这边还没说完,一位做传媒的大佬过来,递上一张只有名字和电话的名片,“小李老师,我是做传媒的。您今天讲的弱连接、社群、病毒传播,对我们这行很有启发.....”
英姐也走了过来,笑着用略带南方口音的普通话说,“师弟,今天讲得真好啊,用活了。以后需要校友支持,随时找我.....”
那位“常总”则更学术一些,他推了推眼镜,认真地说,“李老师对布迪厄、格兰诺维特还有科尔曼的理论,理解很透彻,尤其是和国内现实结合这部分,很有见地。我最近在思考企业社会责任的理论基础,您刚才提到社会契约和合法性,很有感触,这是我的名片,上面有邮箱,方便的话,希望能跟您有进一步的交流.....”
一时间,李乐身边围了七八个人,递名片的,约时间喝茶的,探讨问题的,气氛热烈。
林知薇在一旁娴熟地帮着维持秩序,顺便也收了几张别人递给她的、显然是希望她转交的名片。
李乐应付着,脸上带着得体的笑,心里却在快速分拣。
哪些是纯粹客套,哪些是有点真兴趣,哪些是别有意图。
终于,围着的人群稍微散开些,李乐手里多了一叠各式各样的名片。
正暗自松了口气,就看见马老板脸上挂着那熟悉的、牵动所有面部肌肉的笑,径直走了过来。
很亲热的地拍了拍李乐的肩膀,眨眨眼,低声道,“怎么样,一会儿有安排没?要是没事,一起喝杯茶?就咱们几个....”
他指了指那位刚和他交谈的几个人,“地方不远,就学校旁边,有个安静的茶馆。”
他这动作,让边还没走的几位,眼中都闪过些许了疑惑,这俩以前,认识?
李乐则心里飞快权衡。
答应?肯定能听到更多“干货”,甚至可能建立起更有价值的连接,但也会卷入更复杂的圈子,不答应?拂了这几位面子,似乎也不妥,尤其老马这明显带着善意的邀请。
这顿茶,喝的不是水,是江湖。
琢磨琢磨,点点头,“行,马总。”
“别叫马总,叫杰克,今天你是老师,我们是学生。是吧,同学们?”
随即,一声声或调侃或认真的“小李老师”响起。
“行,那说好了,一会儿见。”
说完,马老板转身跟旁边几个人低声说了几句,几个人便笑呵呵地往教室外面走。
李乐站在原地,看着那些背影,忽然觉得,这一万五,挣得,好像比想象中要值,但似乎,也不仅仅是钱的事了。
又寒暄了几句,李乐才得以脱身。
走出静园,阳光依然有些晃眼。
站在光里,低头看了看手里那一摞名片,最上面那张,烫金字体,印着一个十几年后会名扬四海的名字和公司。
把名片翻过来,背面是空白的,什么都没有。就像这个时代,翻过一面,就什么都看不清了。
但他知道,翻过这一页,后面还有下一页。
而下一页会写什么,不取决于他,取决于在座这些人,以及他们背后的那整个系统。
想起刚才马老板问的那个问题:“你讲的这一套,到底是给谁听的?”
他当时回答得很漂亮,但心里知道,那个回答只说了一半。
另一半他没说出口的话是,我是讲给所有听的人听的。也是讲给自己听的。
因为他比在座任何人都清楚,那些他今天用来分析的理论,同样适用于他自己。
嵌入性?他此刻就嵌在一张巨大的关系网络里,他能站在这里讲课,不是因为他比那些人聪明,是因为这张网给了他一个位置。

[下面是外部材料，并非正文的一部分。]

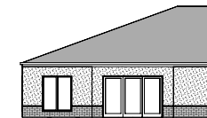
Typical South Elevation
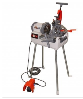
T023 Pipe Threading Machine -Automatic Die Head
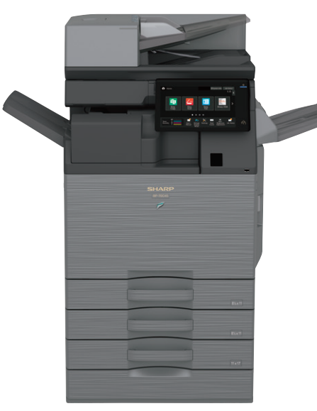
BP-70C45 shown with Inner Folding Unit, Right Side Exit Tray and 2-drawer Paper Deck.

10.1" (diagonally measured) customizable touchscreen display.
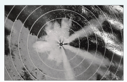
Poor injector spray pattern, from worn injector (photo taken with a microscope at nozzle point)

This is why modern technology requires very clean diesel, and this is where CJC<sup>™</sup> Oil Filters perform.
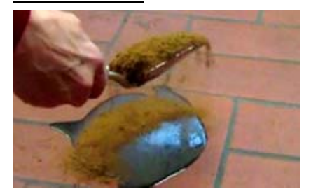
Pour Ristosorb® on the oil leakage - it will absorb completely in just a few seconds
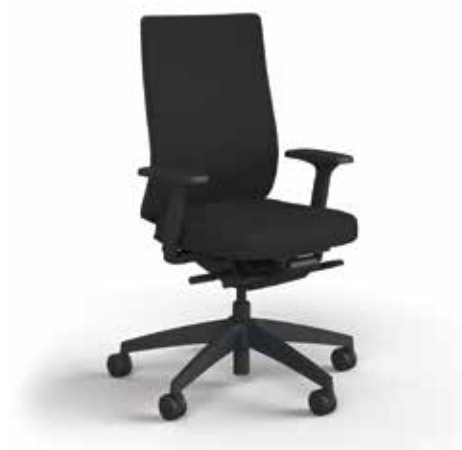
se:do Cushion, with armrests
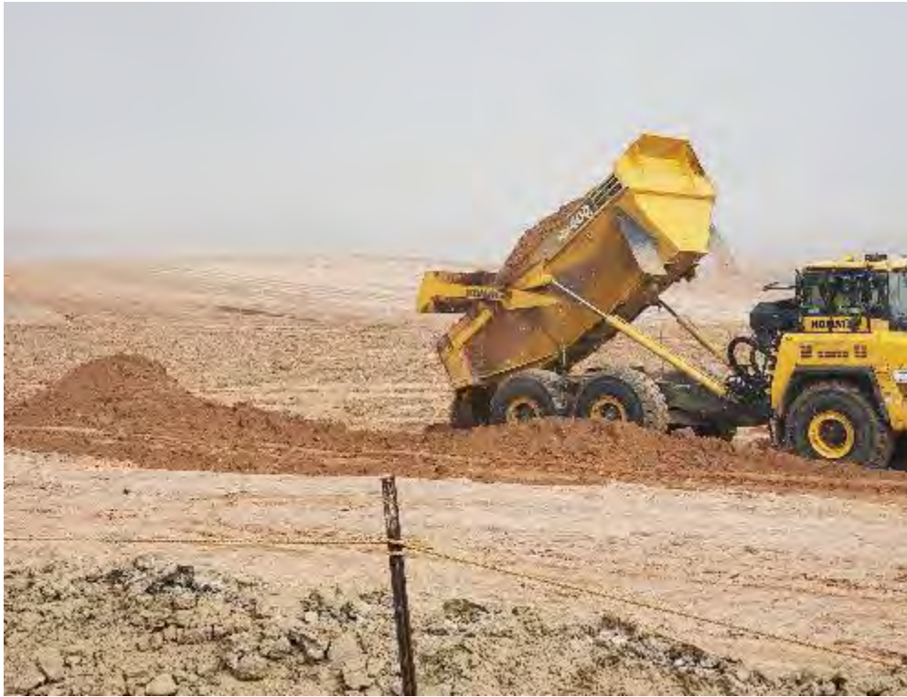
Photo 35. Soils Placement February 2021
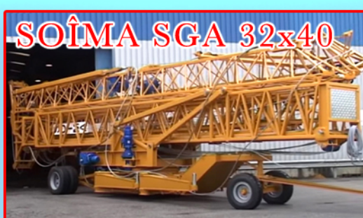
SOÏMA SGA 32x40
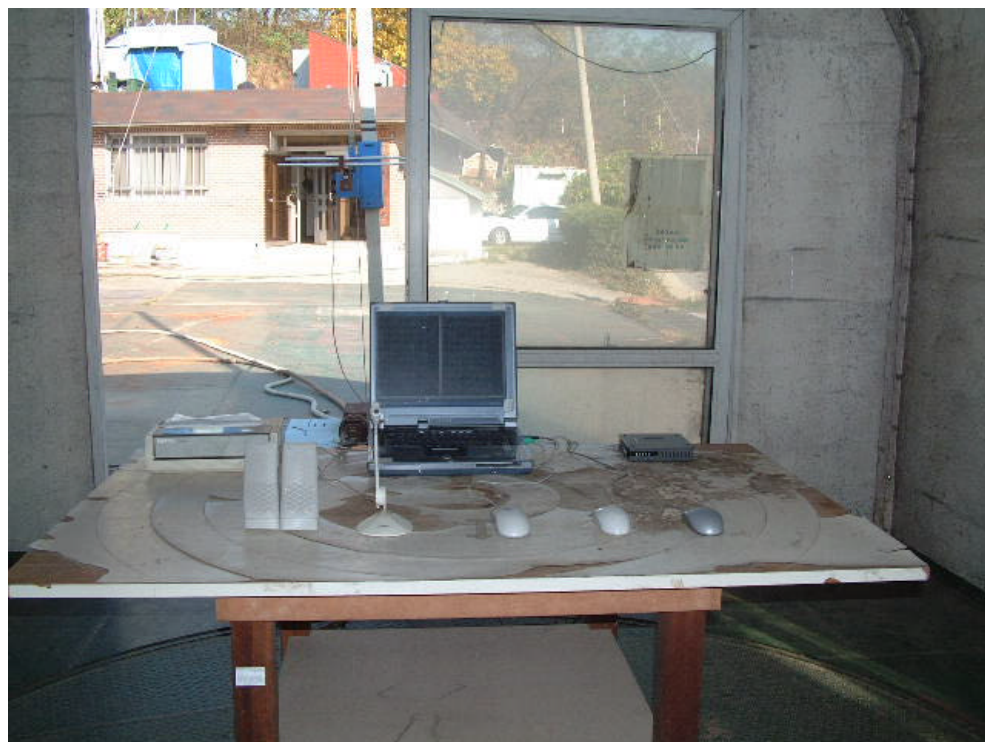
RADIATED EMISSION SETUP PHOTOGRAPH - FRONT VIEW ( 300- 1000 MHz )
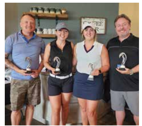
The D2 Golf Outing winning team.
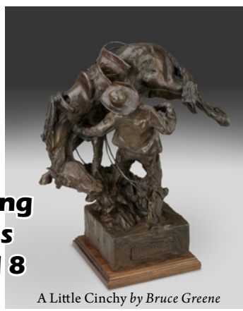
A Little Cinchy by Bruce Greene
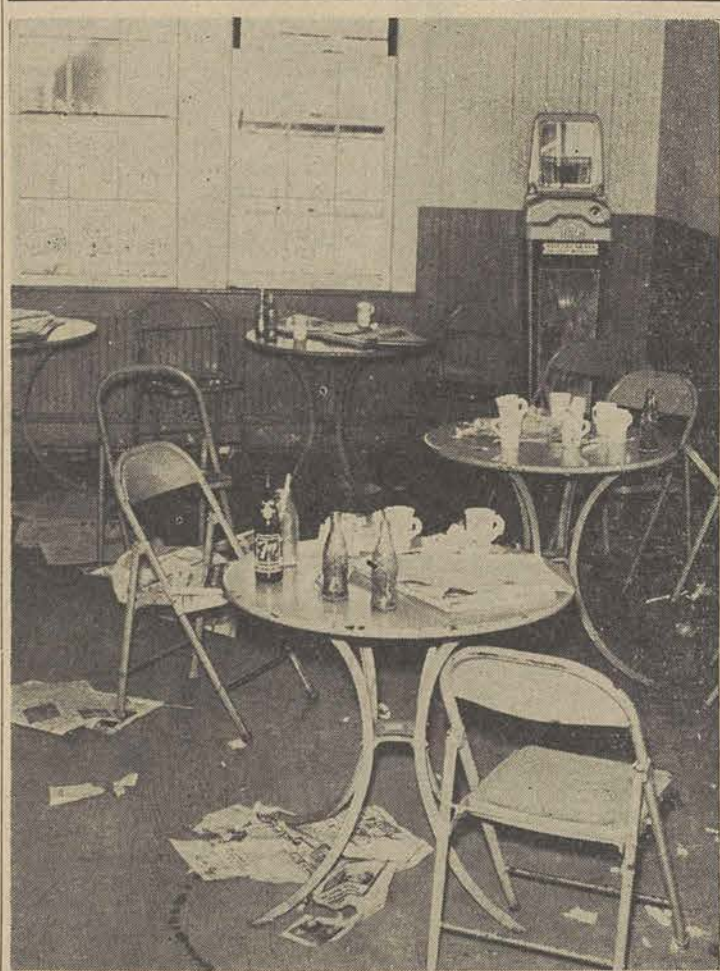
GTC'S "LITTLE STORE," as seen after a normal whirlwind of student "relaxation." The fun and friends to be had here seems to make the place a refuge for lost souls caught mercilessly in the wheels of learning. (See editorial on page two).
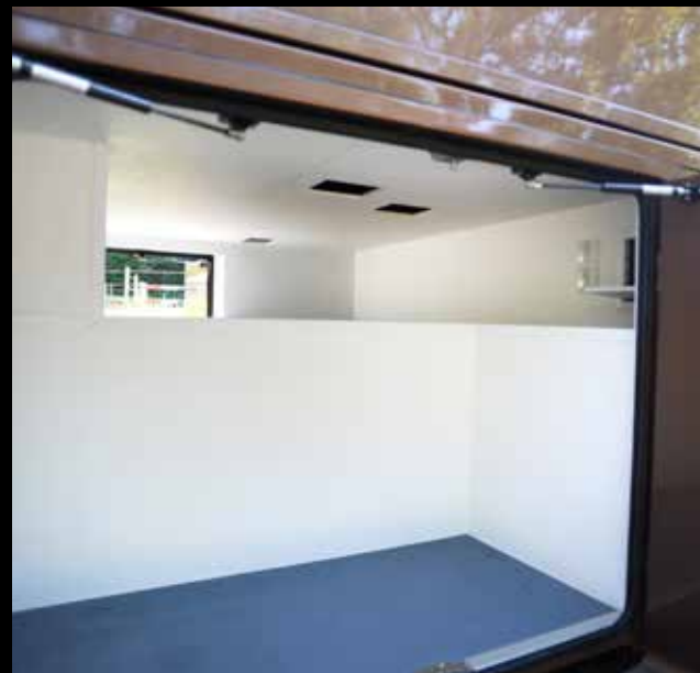
Slimline tack lockers in horse area, underslung to maximise space for saddles
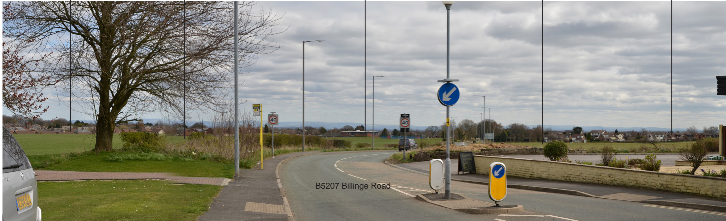
Photograph 7 - Looking west along the B5207 Billinge Road, from the crossroads with Garswood Road.
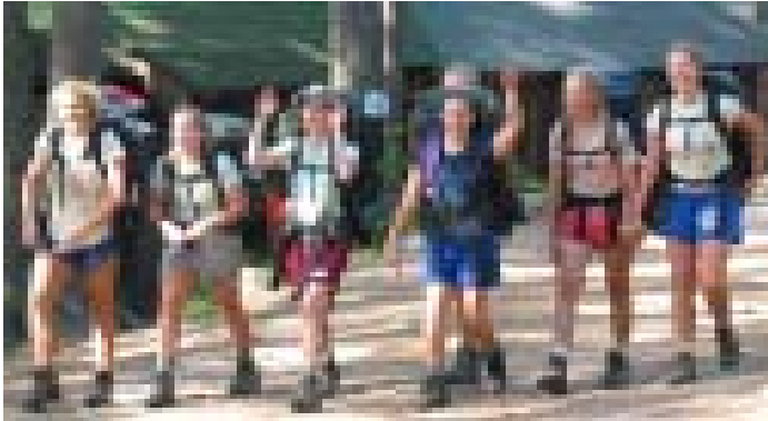
Triumphant and happy Wilderness Hikers walking through camp after their 3 week hike on the AT.
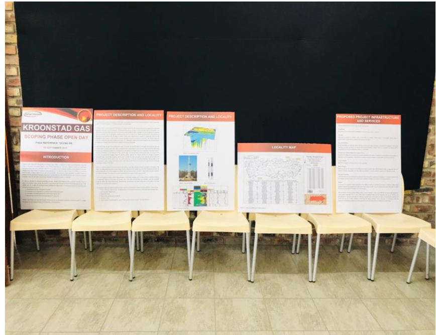
Figure 2: A1 Scoping Phase Open Day posters displayed along the wall.
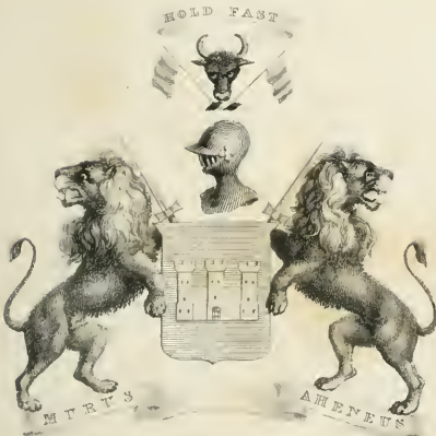
Maitland of Maitland
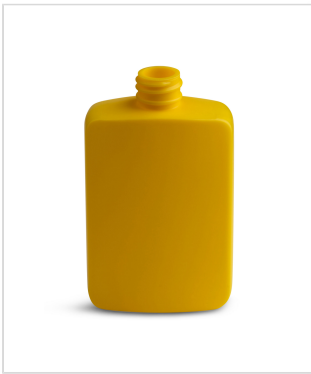
4 oz Classic Oblong
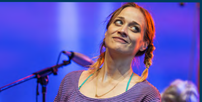
▲ Fiona Apple McAfee-Maggart is an American singer-songwriter and pianist. Classically trained on piano as a child, Apple began composing her own songs when she was eight years old.

A: I do not remember my first concert, but I have lovely memories of performances such as the skillful piano playing of Fiona Apple and an orchestra scoring the movie to Jurassic Park.
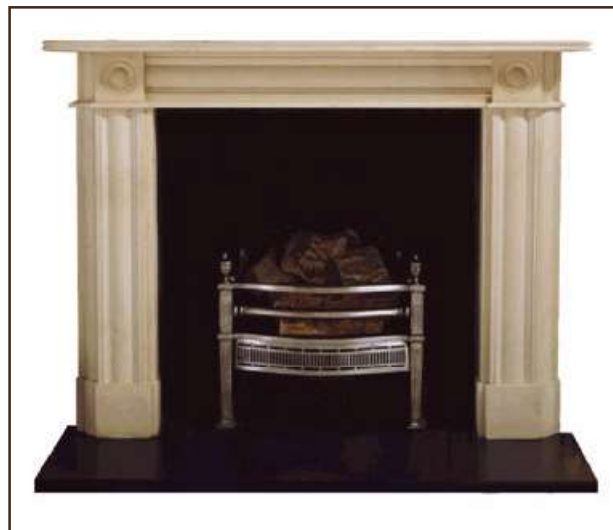
Regency Bullseye Quadrant

Shelf 1473mm x 228mm Overall height 1080mm Width across base 1320mm Internal opening 890mm wide x 915mm high Rebate 63mm

社会资本?他今天积累的这些名片、这些“小李老师”的称呼,就是他的社会资本。但这资本能不能兑现,不取决于他有多少连接,取决于他能为这些连接提供什么价值。
结构洞?他今天确实连接了学术圈和商业圈,但这个洞能填多久,取决于他能不能在两个圈子里都站住脚。
符号资本?那个“燕大、LSE博士”、“青年学者”的标签,就是他的符号资本。这东西能唬人,但不能一直唬人。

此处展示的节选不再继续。